Une première chose est frappante : autant le réquisitoire de F. B. Bréon est d’une implacable précision où transparaît une irréprochable méthodologie scientifique (citation explicite des sources, pointage de contre-vérités preuves à l’appui), autant la réponse de F. Gervais se  borne à des commentaires pour le moins évasifs et, surtout, ne reprend aucun des points mentionnés dans la charge. On aurait au contraire attendu que quand F. M. Bréon rappelle quelques connaissances  de physique élémentaire contredisant les affirmations de F. Gervais, ce dernier réponde sur le même terrain par des arguments invoquant, par exemple, une abusive simplification du problème ou l’oubli fautif dans la modélisation d’autres facteurs dont la pertinence pourrait éventuellement faire débat.

Il est également frappant de voir que l’un des protagonistes (le procureur) reproduit  des courbes extraites de la littérature et portant sur une longue période, les mettant en regard de résultats analogues figurant dans le livre de l’accusé, ces derniers étant relatifs à une durée nettement plus courte. Si on regarde le Dow Jones entre 13h05 et 13h07, il est peu probable que l’on puisse y déceler une évolution et il serait encore plus aventureux d’en conclure une tendance journalière…

Mais il y a plus surprenant encore quand F. M. Bréon reprend les propos écrits de F. Gervais puis cite l’une des conclusions d’un article publié par des chercheurs de l’Institut  Max Planck – article invoqué par les deux « parties » –, pour conclure « les auteurs disent donc exactement le contraire de ce que leur fait dire M. Gervais » . Comment est-ce possible ?!

Et enfin, qui a raison ? Et là, ce n’est plus une discussion de spécialistes (!), mais d’éléments purement factuels :  F. Gervais qui prétend avoir réfléchi à cette question à la demande du Groupe d’experts intergouvernemental sur l’évolution du climat (GIEC) — ce que souligne complaisamment l’éditeur en quatrième de couverture en y mentionnant que l’auteur a été « choisi comme rapporteur critique par le GIEC » —,  ou bien F. M. Bréon qui affirme que « le GIEC n’a jamais invité M. Gervais à faire partie des relecteurs critiques puisque ceux-ci se déclarent volontairement ». On aimerait demander à l’éditeur, comme à tout journaliste ou responsable de presse, s’il a pris soin de vérifier l’information. « Les mots sont des menteurs » écrivait Victor Hugo : seulement les mots ?

Une brève recherche sur le Web permet d’ailleurs de découvrir que la controverse ne s’est pas limitée aux colonnes du Monde : on peut trouver une multitude d’avis, les uns enthousiastes sur l’ouvrage, les autres dénonçant une authentique manipulation systématique de données expérimentales conduisant à une succession de contre-vérités flagrantes.

Que peut retenir le lecteur de cette virulente controverse publique ? D’abord un profond sentiment de malaise devant la confrontation de deux personnes se revendiquant toutes deux de la science mais qui, chacune affirmant s’appuyer sur des données disponibles dans la littérature, parviennent à tirer des conclusions diamétralement opposées.

Ce n’est certes pas la première fois : le passé récent regorge d’exemples où le sensationnel, parfois complice du profit à tout prix,  a imposé sa loi et a conduit à une surenchère médiatique évanouie aussi vite que la mousse était montée.

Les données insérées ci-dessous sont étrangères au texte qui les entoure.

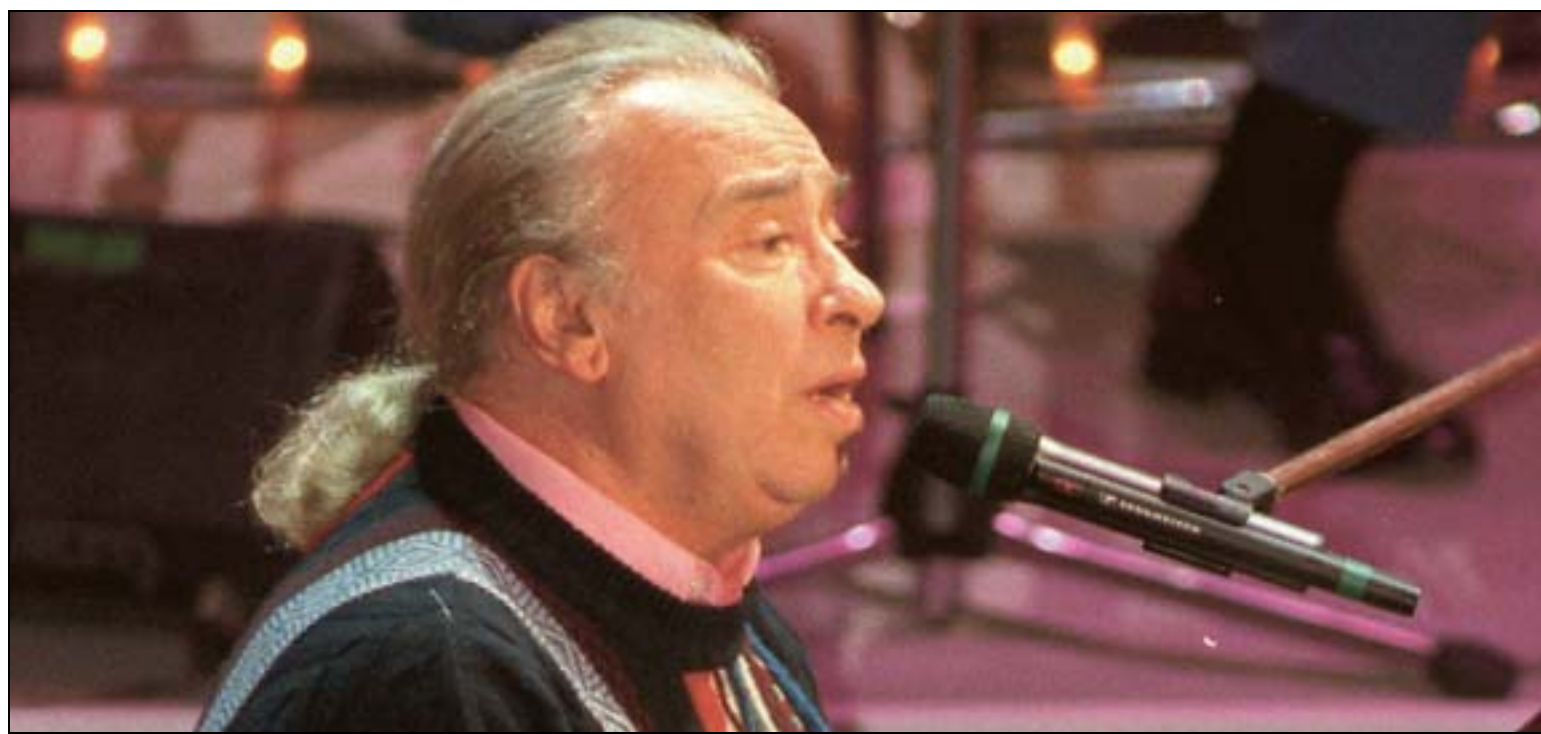
A Umberto Bindi è dedicato il concorso che vedrà giovani talenti in scena da mercoledì a Santa Margherita Ligure. E il 15 il concerto di Finardi

Et à chaque fois, qu’y gagne donc la nécessaire information du grand public sur des questions qui nous concernent tous ? Rien évidemment. Dans tout cela, la grande perdante est la crédibilité de la science dont toute altération, délibérée ou non, est un crime contre l’intelligence : constatant un désaccord entre deux « experts », la tentation est grande de les renvoyer dos à dos, se précipitant ainsi dans la voie d’une négation de la connaissance dont l’ultime perversion s’appelle l’obscurantisme.